I received my Maxim Champ not too long ago and had to do something about it's grip. The HDPE polymer was way too slippery.

I liked the X Flock Tubing that came with my Axiom Ocularis, so I went ahead and purchased some.

The X Flock I ordered was sized at 25MM.

The strips for the forks were cut at 1 1/4 inch and the grip strip was cut at 2 1/4 inch.

I didn't have a heat gun, so tried hair dryer at close range, that didn't work. So, I held it over the stove at a medium heat and rotated it which worked out okay.

There was just one area under the forks that might have benefited from a heat gun. I wound up hitting it with a micro torch I had.

The grip strip took a little effort to get on, due to the flare at the bottom of the Champ. But overall, it was a pretty easy install and a huge benefit in grip.


----------



## treefork (Feb 1, 2010)

Nice. It looks really good also.


----------



## Poiema (Jul 21, 2014)

Hey! THAT turned out super. I like that stuff too. It feels great Another incentive to add more poly to my um... growing poly horde.

I think I saw some of that SOMEWHERE in *purple* as well. I need to look for it again!

So basically the size that you cut, that is pretty much what you end up with (vertically) when you apply heat. The shrinkage seems to occur horizontally--looks like.


----------



## ShootnCoastie (Jan 26, 2015)

It kind of shrunk all around. The grip section started out 2 1/4 inch and now measures around 2/16 inch.

I probably probably could have gotten away with a 20mm for the forks. I was getting a little worried that it wasn't going to shrink enough.

I had to get the 25mm, because of the flare on the grip.

I wound up cutting off the grip strip and reapplying after I posted the pictures. It was bugging me that the "X" was not centered.


----------



## Poiema (Jul 21, 2014)

ShootnCoastie said:


> It kind of shrunk all around. The grip section started out 2 1/4 inch and now measures around 2/16 inch.
> 
> I probably probably could have gotten away with a 20mm for the forks. I was getting a little worried that it wasn't going to shrink enough.
> 
> ...


Ah. I had not noticed that about the uncentered "*X*" -- good to keep in mind before applying heat.

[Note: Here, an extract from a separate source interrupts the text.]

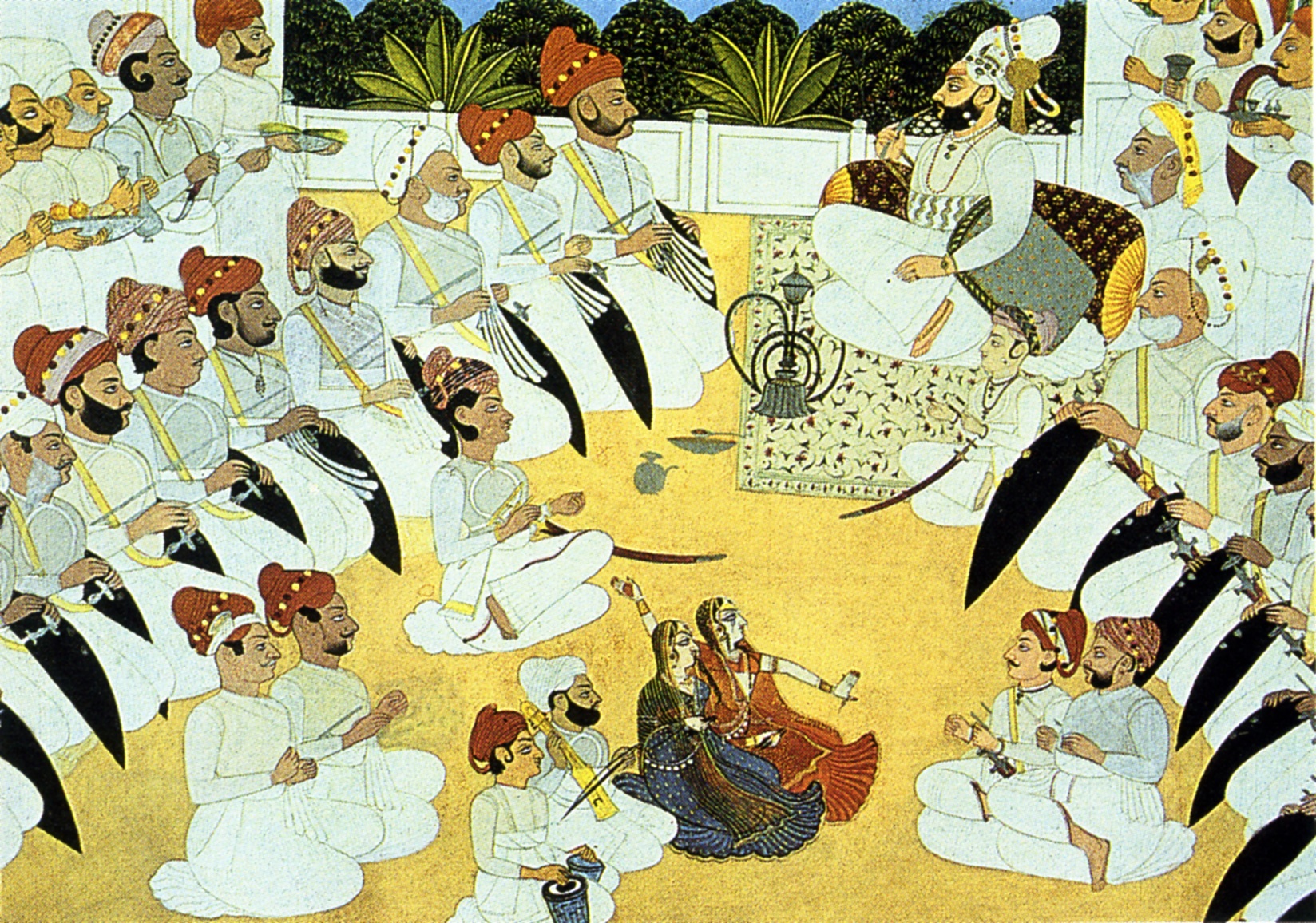 以上、タブラ発明および音楽シーンへの登場の時期を見てきました。1750年頃と言えば西洋では大バッハが死んで、息子たちが新しい音楽に邁進している頃、やがて古典派の時代を迎える頃です。日本では江戸中期、三味線や琴、尺八の新しい曲が生み出されている頃、こうしてみると世界の動きというのはなぜか連動しているような気がしてきます。さて、もう一つ今までのイメージと違う点を挙げるとすれば、タブラが表舞台へ登場することになる時代背景についてです。18世紀になってなぜドゥルパッドからカヤールへと変化したのか。これは間違っているというのではなく、一般的に思われてきた「きらびやかで豪華な宮廷」で繰り広げられた芸術、音楽の中から生まれてきた新しい動き、というものとは少し違うのではないか、ということです。

It appears that you sized everything perfectly. Good job!


----------



## Tentacle Toast (Jan 17, 2013)

Nice job on that, bud; dressed it up sharp, too


----------



## POI (Dec 5, 2014)

You definitly took it to the next level. looks great!


----------



## Ronnie G. Durbin (Jul 21, 2015)

Both my Axiom Champ and Jelly Bean are just too slick for me to shoot comfortably, so your post gives me hope that there is a remedy at hand. Thanks.


----------



## MedSlinger (Feb 3, 2015)

they look really good with that grip on !!


----------



## RealLifeMorty (Sep 14, 2016)

Yeah that is functional and very attractive it looks like it belongs there great solution..!!


----------



## RealLifeMorty (Sep 14, 2016)

Yeah that is functional and very attractive it looks like it belongs there great solution..!!


----------



## pult421 (Aug 13, 2015)

10 bucks a foot too.


----------



## ShootnCoastie (Jan 26, 2015)

pult421 said:


> 10 bucks a foot too.


Not sure where you're finding it for $10.00 a foot, but I purchased here at $9.29 for 39.4 inches.

http://www.therodroom.com/shop/pc/X-FLOCK-SHRINK-TUBING-p1531.htm

The 0.984" is 25MM and found that good for 3/4" slingshots and 0.788" is 20MM which I found works out okay for 1/2 inch slingshots. Now that will all depend on the fork size also. A little alcohol helps in sliding them into place.


----------